Selasa 09 Feb 2021 16:33 WIB

Iran Rayakan Ulang Tahun ke-42 Sejak Revolusi Islam

Revolusi Islam dirayakan Iran.

Rep: Zahrotul Oktaviani/ Red: Muhammad Hafil
 Tentara Iran berdiri di samping foto besar mendiang pendiri Iran dari Republik Islam, Ayatollah Ruhollah Khomeini dalam sebuah upacara dalam rangka peringatan 42 tahun kembalinya Khomeini dari pengasingan dari Paris, di makamnya di Teheran selatan, Iran, Ahad (31/1/2021). Iran akan merayakan ulang tahun revolusi ke-42 pada 10 Februari 2021.
Foto: EPA-EFE/ABEDIN TAHERKENAREH
Tentara Iran berdiri di samping foto besar mendiang pendiri Iran dari Republik Islam, Ayatollah Ruhollah Khomeini dalam sebuah upacara dalam rangka peringatan 42 tahun kembalinya Khomeini dari pengasingan dari Paris, di makamnya di Teheran selatan, Iran, Ahad (31/1/2021). Iran akan merayakan ulang tahun revolusi ke-42 pada 10 Februari 2021.

REPUBLIKA.CO.ID, TEHERAN -- Warga Iran di seluruh dunia akan memperingati 42 tahun Revolusi Islam 1979, tepatnya 11 Februari nanti. Revolusi ini ditandai sebagai momen yang mengguncang dunia dan mendominasi urusan internasional sejak saat itu.

Rakyat Iran yang dipimpin oleh pemimpin spiritual Imam Khomeini, tidak hanya menggulingkan Shah, boneka AS, tetapi juga memulai jalan untuk membuat negara itu benar-benar independen dari kebijakan yang menindas dan eksploitatif, dari semua kekuatan tirani, terutama Amerika Serikat.

Baca Juga

Dilansir di The Star, Selasa (9/2), kepekaan baru Iran terhadap kemerdekaan dan penolakannya terhadap hegemoni maupun kemenangan republik Islam tidak pernah dicerna dan dimaafkan oleh pemerintahan AS berturut-turut. Hal ini selalu dianggap sebagai kerugian strategis oleh Washington.

Presiden Hassan Rouhani, selama unjuk rasa ulang tahun revolusi Islam tahun lalu di Teheran, telah mengungkap perihal keberatan ini. "Konflik antara Iran dan AS adalah tentang hak Iran untuk memilih. Orang Amerika percaya bangsa ini tidak memiliki hak untuk memilih Revolusi Islam daripada sistem kerajaan yang dipasang AS di Iran," katanya.

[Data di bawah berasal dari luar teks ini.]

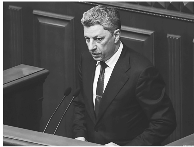
Юрій Бойко: Фракція «Опозиційного блоку» не буде підтримувати урядовий варіант Закону про бюджет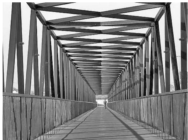
Рис. 15. Жоао Луис Каррильо Да Граса. Пешеходный мост, Виламура, Португалия, 2011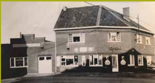
Café, frituur, ijssalon én feestzaal op de hoek van de Sint-Truidersteenweg en de Vorststraat.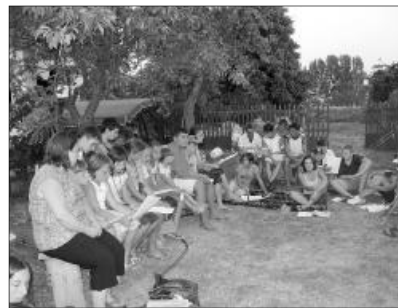
Ismerkedés egymással és az Igével. A biharszentjánosi és a mezőbaji fiatalok közös táborozása

A mezőbaji parókia udvara sátrótáborral változott. Nem a hegyek magasodtak mellettünk, hanem a templom tornya. Sátorverés után irány a Fekete-Körös! Egy nagy árnyas fa alatt volt a főhadiszállásunk. Elfértek alatta a biharszentjánosi, valamint a mezőbaji fiatalok együtt. Ünnepelesen megnyitottuk a keresztyén ifjúsági táborunkat. Ismerkedtünk, barátkoztunk a helybeliekkel. Ismerkedtünk az Igével is, tanulgattuk a Krisztus útján való járást. Ugyanis közös reggeli áhítatok után indultunk minden nap útnak a Körös partra, vagy a tamás-hidai romtemplomhoz, amely nem kis túra volt gyalog a 38 fokos melegben. Még jó, hogy közben jövet-menet meg lehetett mártózni a Körösben, vagy a kanálisban. Minden este a kirándulásból hazatérő mintegy ötven éhes fiatal terített asztal várta a kultúrotthonban, melyet a szorgos és vendég-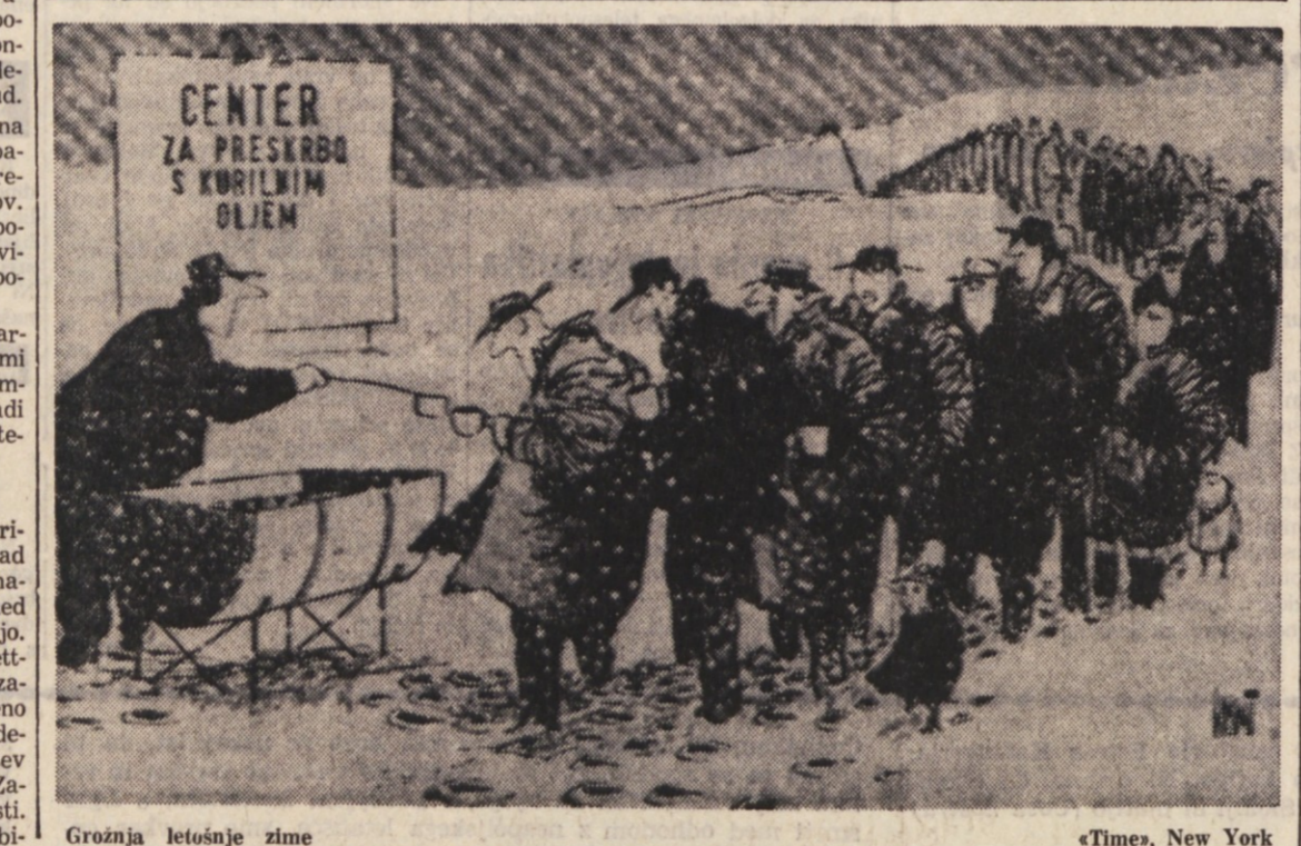
Grožnja letošnje zime «Times, New York

Nekateri so kot nori zdrveli v protiatomske zaklone, drugi pa so neprenehoma telefonirali policiji in uredništvom krajevnih listov ter spraševali, kaj jim je storiti. Oblasti so morale prekriti mladinsko oddajo in zagotoviti, da so poslušalci slabo razumeli namen oddaje, da so spet vzpostavili red v mestu. Je omogočilo aretacijo De Marchija in ostalih. Genovska prevratniška celica je imela podrobno izdelan načrt za državni udar, ki naj bi se začel z likvidacijo vidnih političnih in drugih predstavnikov demokratičnih sil. Ob tem pa se postavlja vprašanje, če bi bila bojzavljiva Porta Casucci in od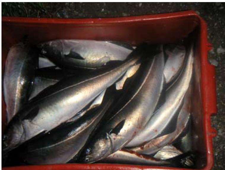
Pěkný úlovek tresek tmavých, standardní velikost kolem 45 cm. Nejlepší na jídlo.

Treska má protáhlé tělo. Dosahuje délky 1,2 m. Spodní čelist je přibližně stejně dlouhá jak dolní. Postranní čára je téměř rovná. Tři hřbetní ploutve jsou srovnány těsně za sebou. První má 13 - 14, druhá 20 - 22 a třetí 19 - 25 ploutevnických paprsků. Dvě řitní ploutve. Ocasní ploutev je široká ale málo vykrojená. Hřbet je zelenohnědý až černohnědý. Břišní strana stříbřitě bílá. Postranní čára je bílá.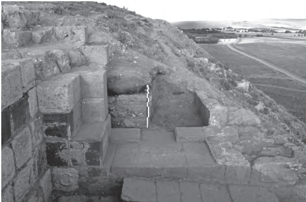
FIGURE 5 : LA PORTE MONUMENTALE DE LA CITADELLE EN COURS DE DÉGAGEMENT.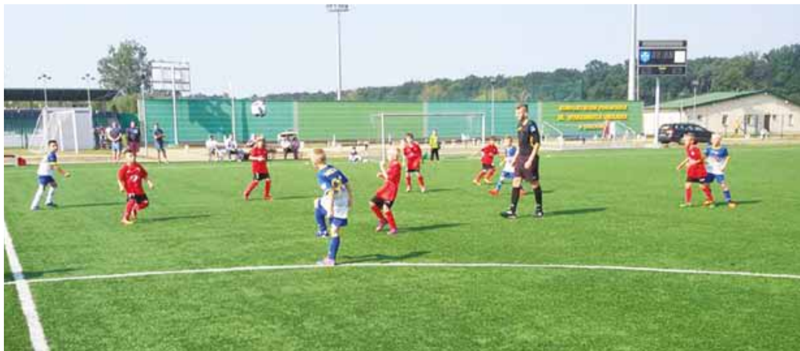
Wygrane 4:3 przez KS Żychlin rocznik 2006 spotkanie w Uniejowie z tamtejszym zespołem Termy Uniejów.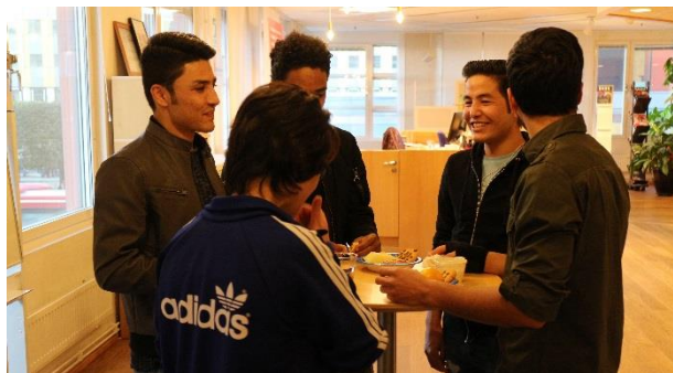
På bilden: Medlemmar i Påverkansrådet inleder en av sina träffar med fika och samtal.

Sammantaget känns det som en bra start på terminen och gruppen tuffar på med energi och förväntan in i höstens kyla!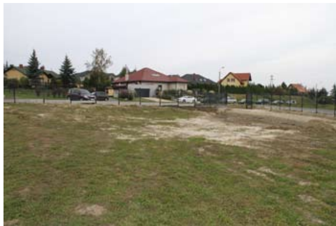
Na Os. Witosa wykonano ogrodzenie terenu, na którym niebawem znajdować się będzie świetlica i biblioteka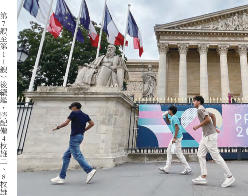
圖：2024年6月29日，法國巴黎，人們走過張貼巴黎奧運廣告海報的國會。距離法國巴黎奧運開幕只剩不到1個月的時間，屆時預計會有大量遊客湧入巴黎。

沱江級艦以台灣的河(溪)或除役艦艇的艦名命名，有別於原形艦，沱江級量產艦除原有雄風二型反艦飛彈、7.6快砲及方陣快砲，並配備由中科院研製的海劍二防空飛彈，使其同時具備對空、對海攻擊能力。根據公開資料，相較於原形艦後續艦的第一批次(第2艘至第6艘)配置8枚雄二、4枚雄三，第二批(第7艘至第11艘)後續艦，將配備4枚雄二、8枚雄三，以滿足作戰實際需求。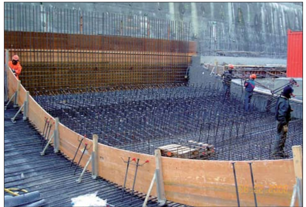
TC des Granges: armatures verticales de 90 cm de hauteur placées dans le radier de la tranchée couverte, dans les murs pieds droits puis dans les voûtes de façon à renforcer la résistance au cisaillement.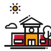
Samenwerking met school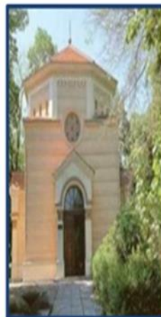
Часовня, скрывающая башню черепов

Милош Обрѐнович — второй вождь Сербии (1815—1817 гг.), князь Сербии в 1817—1839 и 1858—1860 гг., основатель династии Обреновичей. Несмотря на свою неграмотность, он основал 82 школы, 2 прогимназии, 1 гимназию и Лицей Княжества Сербского, который стал фундаментом развития высшего образования. Был самым богатым человеком в Сербии и одним из самых богатых на Балканах.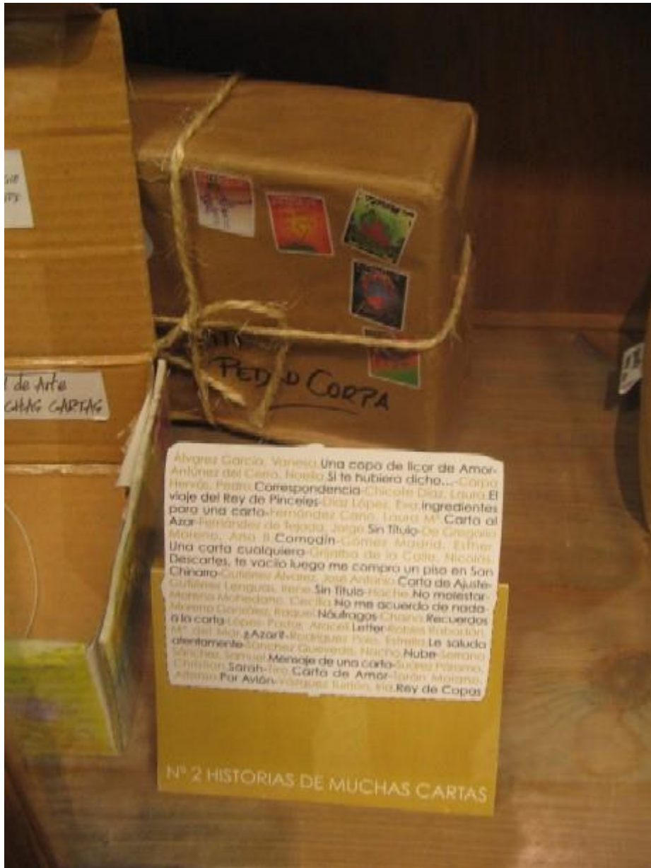
Pa comer aparte. Imágenes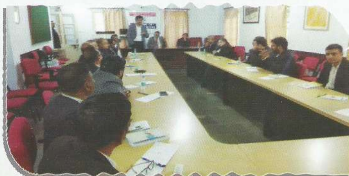
Master Trainer delivering lecture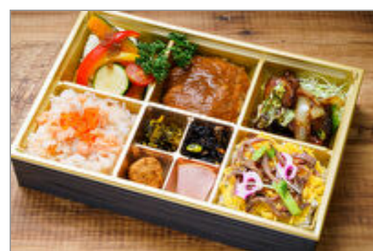
アジタート～ミンチカツと豚の甘辛炒め弁当～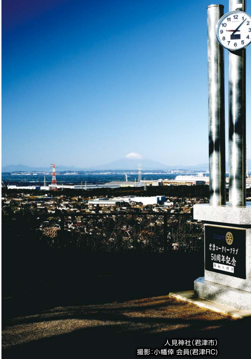
人見神社(君津市)

To Club Presidents Secretaries in District 2790 (CHIBA)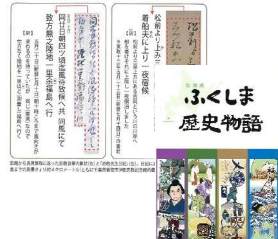
ふくしま歴史物語完成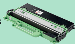
Bac de récupération de toner usagé WT229CL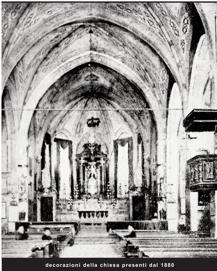
decorazioni della chiesa presenti dal 1880

L'occasione dei restauri di consolidamento dell'abside della nostra chiesa, ci permette di fare un breve excursus sulla storia dei restauri che sono stati eseguiti negli anni.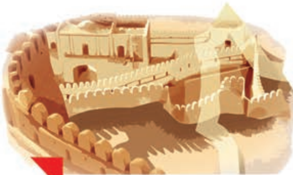
اینجا، آرگِ بَمِ کرمان است.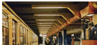
Underground Architecture Berlin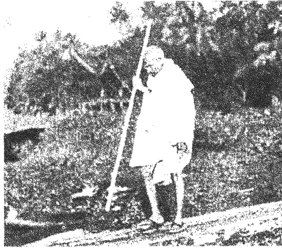
«اعترف غاندي نفسه بأن الفلسطينيين... يملكون الحق في استعمال القوة العنيفة لمقاومة الاحتلال.»

تجنيداً إلزامياً. إنَّ المسؤوليةَ الجماعيةَ تزدادُ زيادةً واضحةً كلما انتقلنا من أحدِ حدي الطيفِ إلى الآخر. فإذا التفتنا إلى إسرائيلِ فإنَّ الدعمَ الذي يقدمه المواطنون الإسرائيليون لسياسات الدولة الإجماعية، والدورَ الحاسمَ الذي يلعبونه في تطبيقها، يعينان أنَّهم يتحملون مسؤوليةً كبيرةً عن الجرائم المرتكبة. ولكنَّ الإقرارَ بهذا لا يقلُّ من أهمية التمييز الحاسم بين المدنيين والعسكريين. هل يتحمل الأميركيون الذين كانوا يعملون في مبنى التجارة العالمي في صبيحة الحادي عشر من أيلول (سبتمبر)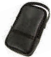
9079 Sacoche souple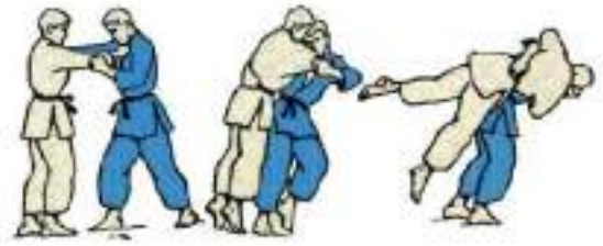
2. Стегно з захватом за пояс на спині Tsurigoshi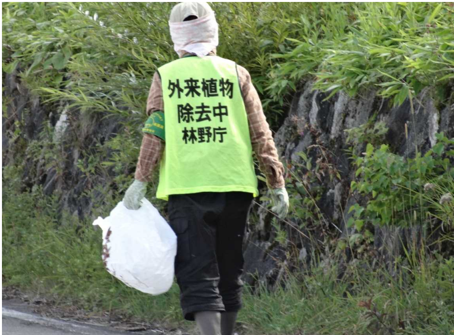
三本滝ゲート上のアラゲハンゴンソウ(外来植物)の除去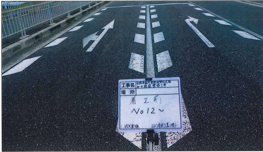
写真区分: 着工前及び完成写真(道路) 写真タイトル: 着工前 撮影箇所: No12~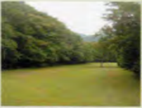
クロスカントリーコース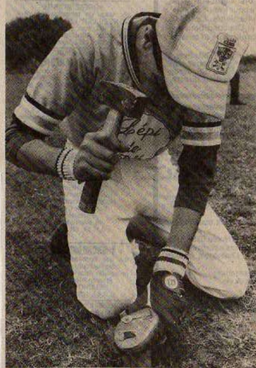
A La Rochelle, on veut continuer d'enfoncer le clou !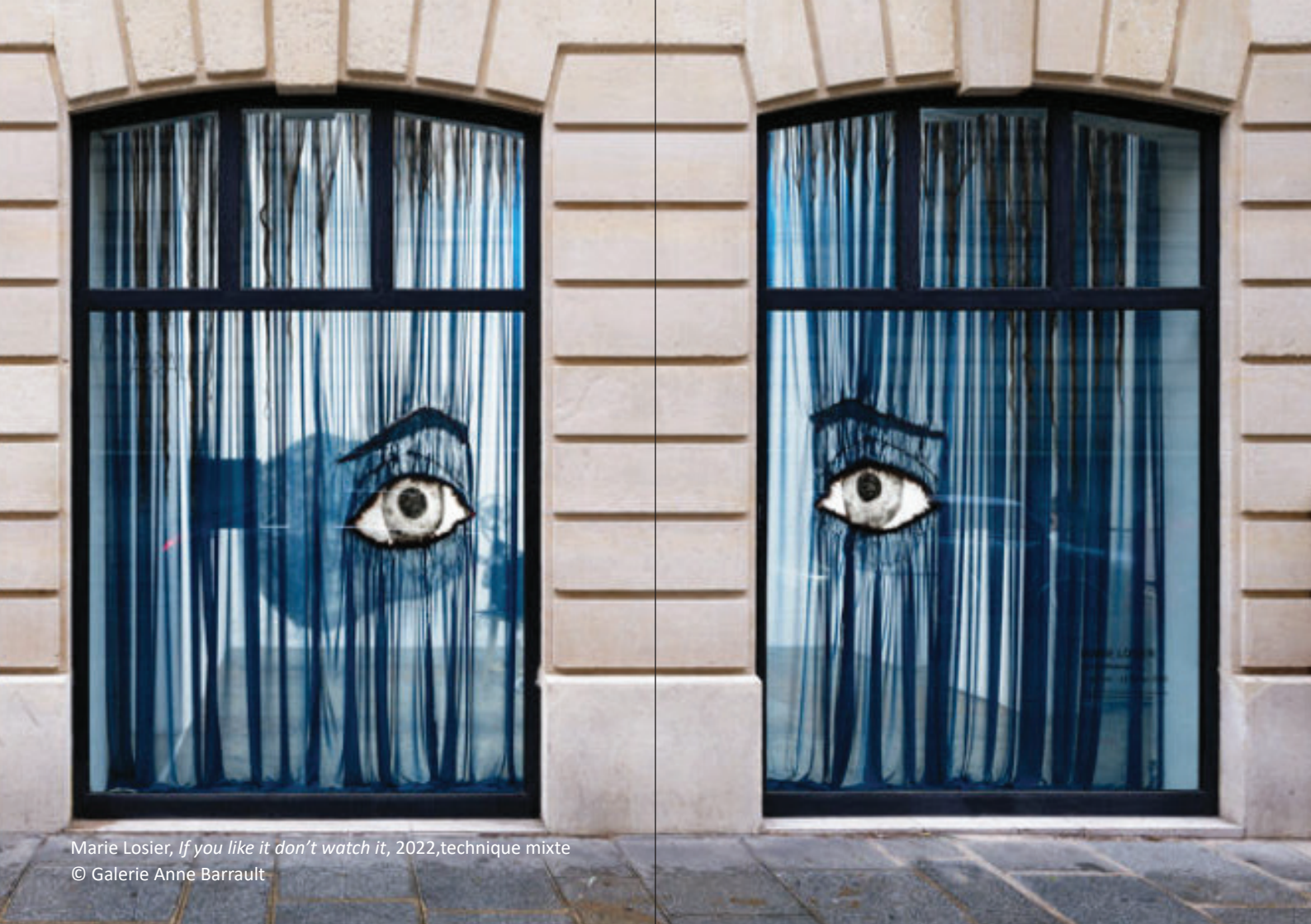
Marie Losier, If you like it don't watch it , 2022, technique mixte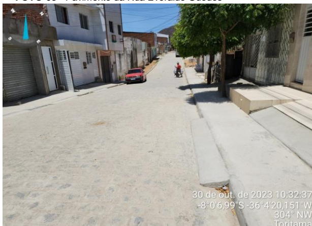
FOTO-05 - Pavimento da Rua Everaldo Guedes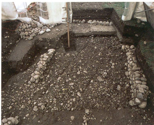
Abb. 4: Hasle bei Burgdorf, Kirchmatte. Die Sockelmäuerchen und die Schotterplanie des grossen Gebäudes.

Wir haben also ein stattliches Gebäude auf quadratischem Grundriss, wahrscheinlich zweigeschossig, das direkt neben dem Kirchhof stand und auf die eine Hauptstrasse von Hasle hin ausgerichtet war. Ausserdem war das Gebäude prominent bzw. sein Bauherr mächtig genug, dass er es auf einen alten Strassenabschnitt setzen konnte, was eine Verlegung dieses Abschnittes zur Folge hatte.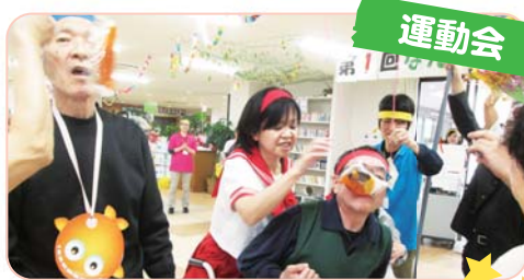
運動会 年に一度の運動会!色んな種目で優勝を目指しましょう!

「 幼・青・老 」の共生 幼年～青年～老年、共に楽しく過ごせるような社会作りを目指します。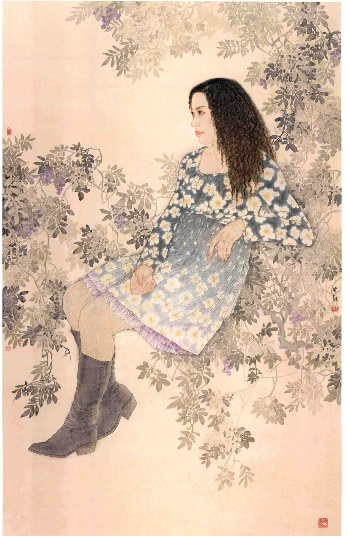
意韵 170cm x 120cm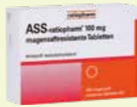
ASS-ratiopharm 100 mg magensaftresistente Tabletten* 100 Tabletten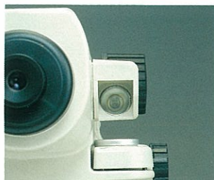
気泡管用ペンタミラー

視準の姿勢を変えずに、ちょっと視線をズラすだけで気泡像が見られる、気泡管用ペンタミラーを採用。像は左右そのままの正立像ですから、まぎらわしさありません。

Dengan tidak menerima kenyataan atas perubahan di Iran, AS telah terperangkap dalam rantai asumsi yang salah, konsep yang buruk, analisis yang menyesatkan, dan kebijakan yang pada akhirnya merusak. Semua langkah ini mengakibatkan obsesi ganas AS terhadap Iran, yang meningkat sepenuhnya oleh mantan Presiden Donald Trump.

Trump keluar dari kesepakatan perjanjian nuklir pada Mei 2018. Selanjutnya, ia memberlakukan serangkaian sanksi ilegal terhadap Republik Islam Iran, yang menargetkan institusi serta individu. Sanksi itu menyebabkan penderitaan yang sangat besar bagi rakyat Iran yang tidak bisa mendapatkan obat-obatan.

Kedatangan Joe Biden sebagai Presiden AS yang baru dipandang sebagai sebuah optimisme di Teheran. Dia pernah bertugas di pemerintahan Barack Obama, yang menandatangani pakta nuklir bersejarah dengan Teheran pada 2015.

Pada 2020, Joe Biden menyatakan kesediaannya untuk kembali ke kesepakatan itu, setelah hampir tiga tahun Trump memutuskan keluar dari perjanjian.

Saat ini, Iran telah menjadi negara yang kuat di kawasan tersebut. Para analis politik percaya, rahasia di balik ketahanan revolusi adalah dukungan yang sangat besar dari masyarakat.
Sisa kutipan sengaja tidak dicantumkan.